If Loughner had made threats of violence while engaged in treatment, another related decision, the Tarasoff duty, could have been invoked. In the 1976 case of Tarasoff vs Regents of University of California (and a second ruling in 1982), it was determined that a physician or therapist who has reason to believe that a patient may injure or kill someone must warn the potential victim (the 1982 ruling broadened the decision to include the duty to protect, as well). Thus, if a patient makes a threat against another person—and the clinician perceives it to be credible—he or she must warn the targeted individual, law enforcement, or take any other steps that are “reasonably necessary.”
Clearly, there is a great deal of uncertainty and latitude in the above cases. While the Tarasoff duty is clearly designed to prevent danger to others, it may potentially destroy the trust between doctor and patient and therefore hinder treatment; similarly, it is often difficult to determine whether a patient’s threats are credible. In the case of a patient like Loughner, would antigovernment rhetoric prompt a warning? What about threats to “politicians” in general?
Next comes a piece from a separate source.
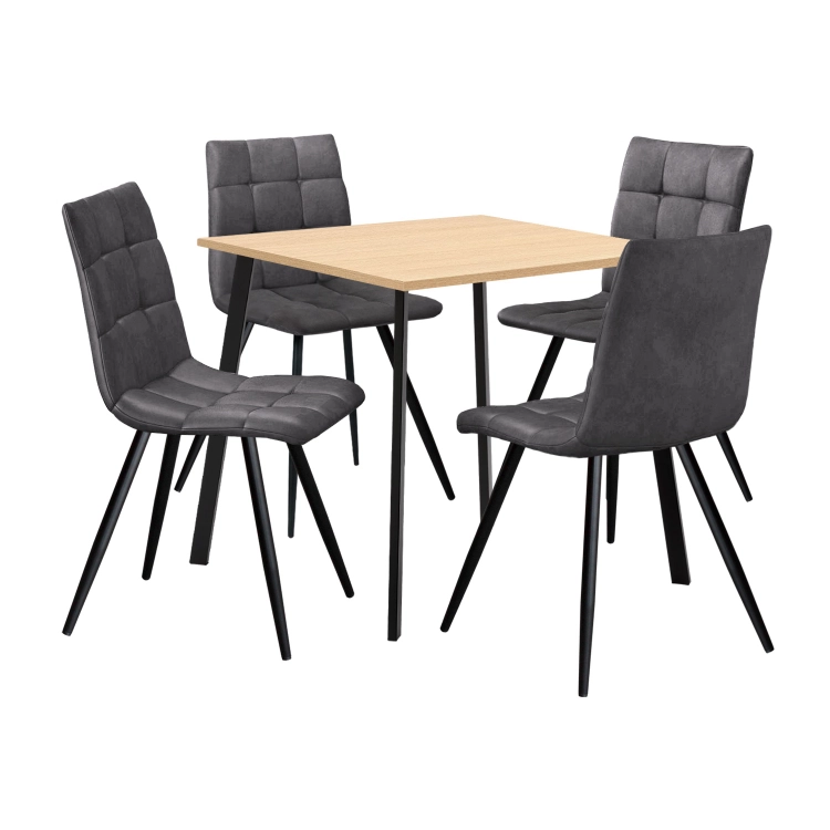 jídelní stůl BERGEN 4098 a 4 jídelní židle BERGEN 4094 stůl: deska MDF, barevné provedení dub kovová konstrukce, barevné provedení černá židle: potah broušená kůže – imitace mikrovlákno, barevné provedení antracitová kovová konstrukce, barevné provedení černá výška sedu židle 51 cm rozměr stolu (š/h/v) 80 × 80 × 75 cm rozměr židle (š/h/v) 45 × 52 × 88 cm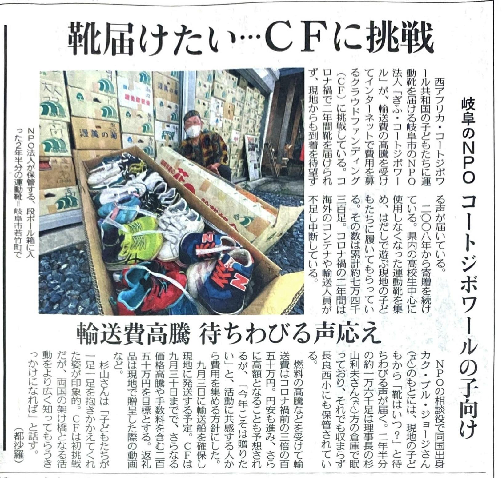 本日は、8月4日の中日新聞に本プロジェクトの活動を掲載頂きましたのでご報告致します。

The clinician’s responsibility is not always clear.
With regard to Kendra’s and Laura’s Laws, the meaning of “survival in the community” can be debated, and it is often arguable whether compliance with medications would prevent hospitalization. Opponents argue that the best solution is more widespread (and more effective) voluntary outpatient treatment, rather than forced treatment.
As more information on this case comes to light, these issues are certain to be discussed and debated. We must not rush to judgment, however, regarding motives and explanations for Loughner’s behavior and the
steps we could take (or could have taken) to prevent it.